In this dataframe I want to create a column ‘desired_output’ that takes the first value of ‘lumpsum’ from the ‘index’ of each ‘ID’.
data = [
[1, 12334, 1, 12334],
[1, 12334, 1, 12334],
[1, 12334, 1, 12334],
[1, 12334, 1, 12334],
[1, 34567, 1, 12334],
[1, 34567, 1, 12334],
[2, 45788, 1, 45788],
[2, 45788, 2, 45788],
[2, 23467, 2, 45788],
[2, 5678, 3, 5678],
[2, 4567, 3, 5678],
[3, 56832, 1, 56832],
[3, 43456, 1, 56832],
[3, 2378, 2, 2378],
[4, 6754, 1, 6754],
[4, 3456, 2, 3456]
]
columns = ['ID', 'lumpsum', 'index', 'desired_output']
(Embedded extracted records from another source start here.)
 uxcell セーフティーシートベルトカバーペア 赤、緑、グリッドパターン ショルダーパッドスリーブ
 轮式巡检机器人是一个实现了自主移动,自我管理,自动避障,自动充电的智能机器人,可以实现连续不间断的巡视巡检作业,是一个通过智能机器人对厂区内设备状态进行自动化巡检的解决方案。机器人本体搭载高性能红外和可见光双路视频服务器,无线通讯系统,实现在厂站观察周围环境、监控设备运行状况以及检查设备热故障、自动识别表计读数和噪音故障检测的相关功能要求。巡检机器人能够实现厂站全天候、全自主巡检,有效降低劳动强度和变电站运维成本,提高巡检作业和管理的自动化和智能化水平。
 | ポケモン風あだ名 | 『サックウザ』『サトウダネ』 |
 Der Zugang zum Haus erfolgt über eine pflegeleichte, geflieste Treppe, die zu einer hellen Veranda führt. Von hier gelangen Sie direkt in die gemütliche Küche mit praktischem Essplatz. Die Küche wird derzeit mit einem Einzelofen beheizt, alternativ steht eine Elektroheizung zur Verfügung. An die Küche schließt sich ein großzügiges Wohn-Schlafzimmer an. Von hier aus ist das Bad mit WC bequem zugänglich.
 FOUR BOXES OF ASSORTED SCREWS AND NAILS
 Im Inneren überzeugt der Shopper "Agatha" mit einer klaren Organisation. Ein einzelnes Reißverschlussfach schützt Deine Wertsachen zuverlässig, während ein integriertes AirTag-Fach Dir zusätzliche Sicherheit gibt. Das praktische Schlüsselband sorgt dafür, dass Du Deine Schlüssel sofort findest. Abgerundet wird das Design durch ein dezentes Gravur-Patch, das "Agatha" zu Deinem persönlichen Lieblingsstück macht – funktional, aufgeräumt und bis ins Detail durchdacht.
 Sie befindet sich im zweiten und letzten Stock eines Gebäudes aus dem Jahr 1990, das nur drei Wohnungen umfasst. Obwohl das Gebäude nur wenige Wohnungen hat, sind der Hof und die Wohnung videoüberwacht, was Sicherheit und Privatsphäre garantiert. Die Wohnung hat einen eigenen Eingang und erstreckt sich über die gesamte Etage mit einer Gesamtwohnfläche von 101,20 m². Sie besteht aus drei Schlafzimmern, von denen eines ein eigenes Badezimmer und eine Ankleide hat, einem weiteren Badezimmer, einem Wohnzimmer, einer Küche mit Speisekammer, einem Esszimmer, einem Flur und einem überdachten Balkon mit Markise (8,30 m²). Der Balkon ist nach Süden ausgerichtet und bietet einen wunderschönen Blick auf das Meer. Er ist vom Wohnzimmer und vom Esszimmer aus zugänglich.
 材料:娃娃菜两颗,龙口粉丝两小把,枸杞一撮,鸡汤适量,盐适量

df = pd.DataFrame(data, columns=columns)
print(df)
I used this code tried to create the ‘desired_output’ column, and called this new column ‘test’.
df['test']=df.groupby('ID', 'index')['lumpsum'].transform('first')
The output completely ignored my grouping using ‘index’ and only returned the first ‘lumpsum’ value of each ‘ID’. how should I rectify this?